Матвей стоял возле аквариума, где некоторое время наблюдал за рыбками. Непонятно, что он услышал, что понял в том разговоре взрослых. Но сердце его расслышало верно, что у папиных друзей, которые, судя по всему, не такие уж злые, а даже очень несчастные, случилось что-то нехорошее.
Еще Матвею сейчас было приятно видеть папу в этом кругу. Он давно не видел его таким: спокойным, задумчивым, и в то же время, таким свободным, готовым к любым, самым невероятным, поступкам. В обычные дни дома, в Чикаго, папа всегда какой-то измученный, уставший, часто раздраженный. Сидит за своим рабочим столом, читает, делает пометки в книге, работает на компьютере. Такой разве прыгнет с крыши с зонтиком, разве пойдет охотиться на диких кабанов?
А вот сейчас, рядом с дядей Юрой и дядей Сашей, папа словно помолодел. Часто смеется, хлопает друзей по плечам, а они его.
– А давайте мы сейчас полезем на крышу, – продолжал Матвей, обращаясь то к Юрке, то к Сашке. – Или пойдем строить плот. Папа мне все рассказывал о вашем детстве.
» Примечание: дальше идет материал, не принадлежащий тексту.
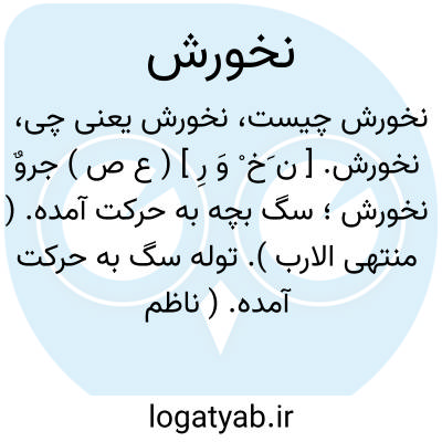 نخورش. [ ن َخ ْ وَ رِ ] ( ع ص ) جروٌ نخورش؛ سگ بچه به حرکت آمده. ( منتهی الارب ). توله سگ به حرکت آمده. ( ناظم الاطباء ) ( اقرب الموارد ). || کلب نخورش؛ سگ بسیارخارش، یا آن خبیث مقاتل است. ( منتهی الارب ) ( از اقرب الموارد ). سگ جنگجو. ( ناظم الاطباء ).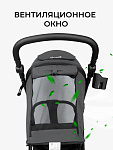5. Капор коляски длинный и может опускаться, обеспечивая необходимый уровень затемнения внутри коляски во время сна. Верхняя часть капюшона оснащена смотровым окошком. На задней стенке спинки коляски есть скрытое окно с москитной сеткой для лучшей вентиляции в жаркую погоду.

Не сводя улыбчивых глаз с Юрки, который, надо признаться, ему нравился все больше, Матвей вышел на средину комнаты. Подтянул повыше джинсы, в виду его исключительной худобы, постоянно сползавшие. Поднял руки со сжатыми кулачками:
– А еще я знаю, как дядя Алеша с тобой дрался.
Все в комнате умолкли, устремив глаза на ребенка.
Матвей нанес несколько ударов воображаемому противнику:
– Ух ты, дундукович! Ах ты, шакальмасов!
Все засмеялись. Юрка, минуту назад хмурый и мрачный, как ночь, широко улыбнулся. Поднялся со стула. Закатал рукава рубашки, обнажив жилистые руки:
– Ну, паря, сейчас я с тобой разберусь!
Вышел на середину комнаты и с поднятыми руками стал напротив Матвея:
– Давай, нападай! А теперь держись, шакальзон!..
ххх
– Никаких тайн нет. У нас с Сашком была кафешка, находилась в двух остановках от дома, на Демеевке. Там наливали водяру и вино, подавали закуски. Поначалу мы почти все делали в обход закона: водка была паленой, документы подделаны и так далее. Но бизнес пошел, и мы решили стать почти честными. Построили террасу, вставили новые окна и двери, вокруг здания посадили деревья и кусты. Даже налоги один раз, как положено, заплатили. Потом попробовали там играть: купили электрогитарку и клавишник, решили вспомнить детство золотое. «Иди сквозь буран. Лети сквозь туман...» Помнишь ведь, помнишь? И молодому поколению – пацанам из района – тоже иногда давали там потренькать, – рассказывал Юрка, когда они, выйдя из такси, вошли в ворота старого Берковецкого кладбища.
– Контракт наш истекает через три года. Но место, где находится наше кафе, стало очень выгодным из-за новооткрытой неподалеку станции метро. А в райсовете, вместе с приходом нового гада-президента, поменялась власть. Мы-то прежних чиновников там подкармливали, отстегивали им бабулины и они нас не трогали. Прежние уже насытились и довольствовались обычными регулярными взятками. Но пришли новые, Донецкие – голодные, как шакалы, хапают все, что могут, и безо всяких правил.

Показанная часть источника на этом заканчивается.